Futures for the Dow Jones Industrial Average have fallen 189 points, or 0.6%, while S&P 500 futures have declined 0.7%, and Nasdaq Composite futures have dropped 0.8%.
Overseas, the pan-European Stoxx 600 lost 0.8% and Hong Kong’s Hang Seng Index finished 2.4% lower, with indexes similarly weak across Asia.
Investor sentiment has weakened ahead of Pelosi’s (D., Calif.) expected visit to Taiwan Tuesday as part of her tour of Asia—a historic visit that has raised geopolitical tensions amid warnings from China. The world’s second-largest economy considers the island part of its territory and has plans for reunification, and cautioned that its armed forces “will not sit idly by” in the case of Pelosi’s visit.

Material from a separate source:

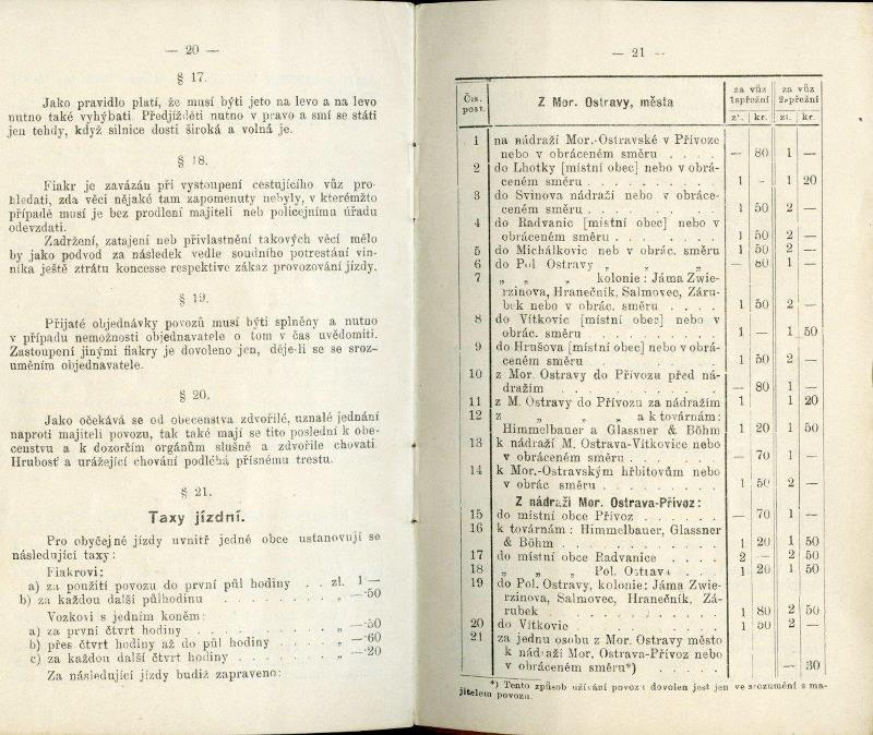 Ukázka z Jízdního řádu pro osobní dopravu vozmo v obcích Moravské Ostravě a Přívoze, který schválil obecní výbor v Moravské Ostravě 3. 11. 1890.

In addition to heightening tensions between the U.S. and China, the House speaker’s visit underscores the economic sensitivity of Taiwan, which stands at the heart of the critical global chip-making industry.
“Speaker Pelosi is scheduled to land in Taiwan later this morning despite repeated and stern warnings from China about a potential military response to the visit and the elevated tensions are resulting in equity market weakness and rising demand for havens assets such as Treasuries,” said Tom Essaye, the founder of Sevens Report Research. “Looking beyond geopolitics, there are a few other potential catalysts to watch today.”
Tuesday also holds economic data in the form of motor vehicle sales for July and the JOLTs job openings for June, which comes ahead of this week’s headline U.S. jobs report on Friday. The strength of the economy remains in sharp focus among investors amid ongoing fears of a slowdown spurred by an aggressive shift in monetary policy from the Federal Reserve.
Facing the highest inflation in decades, the Fed has already raised interest rates four times this year—including 75 basis-point rate hikes in both June and July, marking the largest increases since 1994. The central bank is expected to continue trying to tame red-hot prices with tighter policy, but risks sending the U.S. into recession as a result of denting economic demand.
“Last week’s late rally was helped by a shift in expectations about the likely glide path of future U.S. Federal Reserve rate rises, and the feeling that we are perhaps closer to the end of the Fed’s rate hiking cycle than was thought to be the case just over a week ago,” said Michael Hewson, an analyst at broker CMC Markets.
Expectations that the Fed will cool down on rate hikes this year, and even lower rates in 2023, helped U.S. Treasury yields decline last week, easing some of the pressure on stocks, which are sensitive to bond yields. A fall in yields—which move inversely to prices—continued Tuesday as investors looked to safer assets, with the yield on the 10-year U.S. Treasury note down to 2.56% from near 2.7% at the start of the week.
“In whatever way the market chooses to interpret the move in U.S. 10-year yields, it looks even more likely that we could well see further falls toward 2.5%, on the way to a possible move toward 2%,” said Hewson.
Here are two stocks on the move Tuesday:
BP (ticker: BP
) gained 2% in U.S. premarket trading as the group became the latest oil giant to report its best quarter in years amid soaring energy prices. BP saw adjusted profit surge to $8.5 billion in the prior quarter, up from $2.8 billion in the year prior and well ahead of analysts’ expectations.
Taiwan Semiconductor Manufacturing Co.
(TSM) lost 2.5% in the premarket after a 2.5% tumble Monday, as shares in the world’s largest chip maker weakened ahead of Pelosi’s visit to Taiwan.
DuPont de Nemours (DD) lost 2.5% in the premarket, even after the materials science giant reported second-quarter adjusted profit per share of 88 cents from $3.3 billion in sales, outpacing Wall Street’s expectations of 75 cents in per-share profit from revenue of $3.25 billion.